INFORMATION GIVEN START
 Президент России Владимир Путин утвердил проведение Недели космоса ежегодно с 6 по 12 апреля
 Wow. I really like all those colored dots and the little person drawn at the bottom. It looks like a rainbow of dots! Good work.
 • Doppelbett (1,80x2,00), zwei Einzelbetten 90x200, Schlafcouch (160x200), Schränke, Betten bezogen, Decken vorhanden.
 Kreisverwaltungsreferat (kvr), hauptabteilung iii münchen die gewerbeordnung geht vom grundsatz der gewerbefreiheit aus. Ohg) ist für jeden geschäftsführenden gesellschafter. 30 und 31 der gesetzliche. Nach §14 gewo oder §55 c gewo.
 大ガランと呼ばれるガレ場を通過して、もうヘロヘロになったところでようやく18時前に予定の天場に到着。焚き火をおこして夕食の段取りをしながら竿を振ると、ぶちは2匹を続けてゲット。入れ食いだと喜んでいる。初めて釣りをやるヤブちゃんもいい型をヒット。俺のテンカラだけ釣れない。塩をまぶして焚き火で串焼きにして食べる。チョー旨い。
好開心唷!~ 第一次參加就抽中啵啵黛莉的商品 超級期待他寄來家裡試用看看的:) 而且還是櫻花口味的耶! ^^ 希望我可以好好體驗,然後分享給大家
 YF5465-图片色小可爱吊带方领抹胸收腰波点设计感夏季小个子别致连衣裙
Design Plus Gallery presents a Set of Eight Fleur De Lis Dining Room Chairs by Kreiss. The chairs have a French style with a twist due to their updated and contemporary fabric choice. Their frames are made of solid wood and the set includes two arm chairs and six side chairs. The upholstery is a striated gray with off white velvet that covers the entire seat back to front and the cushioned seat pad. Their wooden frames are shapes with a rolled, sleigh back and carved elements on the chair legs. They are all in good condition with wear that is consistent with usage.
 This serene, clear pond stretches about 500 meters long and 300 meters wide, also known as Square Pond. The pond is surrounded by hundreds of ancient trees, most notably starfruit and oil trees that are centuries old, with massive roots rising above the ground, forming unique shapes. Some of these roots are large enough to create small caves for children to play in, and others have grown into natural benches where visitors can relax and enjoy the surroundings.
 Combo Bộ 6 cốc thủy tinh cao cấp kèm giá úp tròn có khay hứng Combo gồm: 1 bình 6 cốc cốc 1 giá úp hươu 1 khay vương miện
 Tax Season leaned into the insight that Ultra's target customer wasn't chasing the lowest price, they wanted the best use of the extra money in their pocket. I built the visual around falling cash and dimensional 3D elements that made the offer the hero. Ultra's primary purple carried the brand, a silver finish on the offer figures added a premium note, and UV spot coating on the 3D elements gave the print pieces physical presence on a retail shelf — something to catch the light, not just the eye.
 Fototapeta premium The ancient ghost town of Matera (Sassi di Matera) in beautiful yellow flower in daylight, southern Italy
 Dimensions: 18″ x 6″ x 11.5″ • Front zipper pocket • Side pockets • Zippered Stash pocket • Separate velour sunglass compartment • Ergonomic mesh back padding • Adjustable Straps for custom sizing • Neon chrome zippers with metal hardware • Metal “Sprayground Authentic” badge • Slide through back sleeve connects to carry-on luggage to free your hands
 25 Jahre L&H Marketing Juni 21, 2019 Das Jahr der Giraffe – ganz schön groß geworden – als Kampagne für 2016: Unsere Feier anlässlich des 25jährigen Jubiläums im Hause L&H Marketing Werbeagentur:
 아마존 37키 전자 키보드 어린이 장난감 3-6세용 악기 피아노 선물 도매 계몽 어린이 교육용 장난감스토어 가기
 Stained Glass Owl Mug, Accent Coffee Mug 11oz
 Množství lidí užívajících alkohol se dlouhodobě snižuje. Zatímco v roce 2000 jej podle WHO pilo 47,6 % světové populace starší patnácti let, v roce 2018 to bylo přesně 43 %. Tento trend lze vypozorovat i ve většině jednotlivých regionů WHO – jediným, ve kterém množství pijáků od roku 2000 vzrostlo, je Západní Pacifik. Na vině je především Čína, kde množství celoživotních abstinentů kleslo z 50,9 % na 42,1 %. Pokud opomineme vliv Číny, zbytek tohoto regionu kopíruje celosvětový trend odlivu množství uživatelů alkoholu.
INFORMATION GIVEN END
All of the data must be returned exactly.

 Президент России Владимир Путин утвердил проведение Недели космоса ежегодно с 6 по 12 апреля
 Wow. I really like all those colored dots and the little person drawn at the bottom. It looks like a rainbow of dots! Good work.
 • Doppelbett (1,80x2,00), zwei Einzelbetten 90x200, Schlafcouch (160x200), Schränke, Betten bezogen, Decken vorhanden.
 Kreisverwaltungsreferat (kvr), hauptabteilung iii münchen die gewerbeordnung geht vom grundsatz der gewerbefreiheit aus. Ohg) ist für jeden geschäftsführenden gesellschafter. 30 und 31 der gesetzliche. Nach §14 gewo oder §55 c gewo.
 大ガランと呼ばれるガレ場を通過して、もうヘロヘロになったところでようやく18時前に予定の天場に到着。焚き火をおこして夕食の段取りをしながら竿を振ると、ぶちは2匹を続けてゲット。入れ食いだと喜んでいる。初めて釣りをやるヤブちゃんもいい型をヒット。俺のテンカラだけ釣れない。塩をまぶして焚き火で串焼きにして食べる。チョー旨い。
好開心唷!~ 第一次參加就抽中啵啵黛莉的商品 超級期待他寄來家裡試用看看的:) 而且還是櫻花口味的耶! ^^ 希望我可以好好體驗,然後分享給大家
 YF5465-图片色小可爱吊带方领抹胸收腰波点设计感夏季小个子别致连衣裙
Design Plus Gallery presents a Set of Eight Fleur De Lis Dining Room Chairs by Kreiss. The chairs have a French style with a twist due to their updated and contemporary fabric choice. Their frames are made of solid wood and the set includes two arm chairs and six side chairs. The upholstery is a striated gray with off white velvet that covers the entire seat back to front and the cushioned seat pad. Their wooden frames are shapes with a rolled, sleigh back and carved elements on the chair legs. They are all in good condition with wear that is consistent with usage.
 This serene, clear pond stretches about 500 meters long and 300 meters wide, also known as Square Pond. The pond is surrounded by hundreds of ancient trees, most notably starfruit and oil trees that are centuries old, with massive roots rising above the ground, forming unique shapes. Some of these roots are large enough to create small caves for children to play in, and others have grown into natural benches where visitors can relax and enjoy the surroundings.
 Combo Bộ 6 cốc thủy tinh cao cấp kèm giá úp tròn có khay hứng Combo gồm: 1 bình 6 cốc cốc 1 giá úp hươu 1 khay vương miện
 Tax Season leaned into the insight that Ultra's target customer wasn't chasing the lowest price, they wanted the best use of the extra money in their pocket. I built the visual around falling cash and dimensional 3D elements that made the offer the hero. Ultra's primary purple carried the brand, a silver finish on the offer figures added a premium note, and UV spot coating on the 3D elements gave the print pieces physical presence on a retail shelf — something to catch the light, not just the eye.
 Fototapeta premium The ancient ghost town of Matera (Sassi di Matera) in beautiful yellow flower in daylight, southern Italy
 Dimensions: 18″ x 6″ x 11.5″ • Front zipper pocket • Side pockets • Zippered Stash pocket • Separate velour sunglass compartment • Ergonomic mesh back padding • Adjustable Straps for custom sizing • Neon chrome zippers with metal hardware • Metal “Sprayground Authentic” badge • Slide through back sleeve connects to carry-on luggage to free your hands
 25 Jahre L&H Marketing Juni 21, 2019 Das Jahr der Giraffe – ganz schön groß geworden – als Kampagne für 2016: Unsere Feier anlässlich des 25jährigen Jubiläums im Hause L&H Marketing Werbeagentur:
 아마존 37키 전자 키보드 어린이 장난감 3-6세용 악기 피아노 선물 도매 계몽 어린이 교육용 장난감스토어 가기
 Stained Glass Owl Mug, Accent Coffee Mug 11oz
 Množství lidí užívajících alkohol se dlouhodobě snižuje. Zatímco v roce 2000 jej podle WHO pilo 47,6 % světové populace starší patnácti let, v roce 2018 to bylo přesně 43 %. Tento trend lze vypozorovat i ve většině jednotlivých regionů WHO – jediným, ve kterém množství pijáků od roku 2000 vzrostlo, je Západní Pacifik. Na vině je především Čína, kde množství celoživotních abstinentů kleslo z 50,9 % na 42,1 %. Pokud opomineme vliv Číny, zbytek tohoto regionu kopíruje celosvětový trend odlivu množství uživatelů alkoholu.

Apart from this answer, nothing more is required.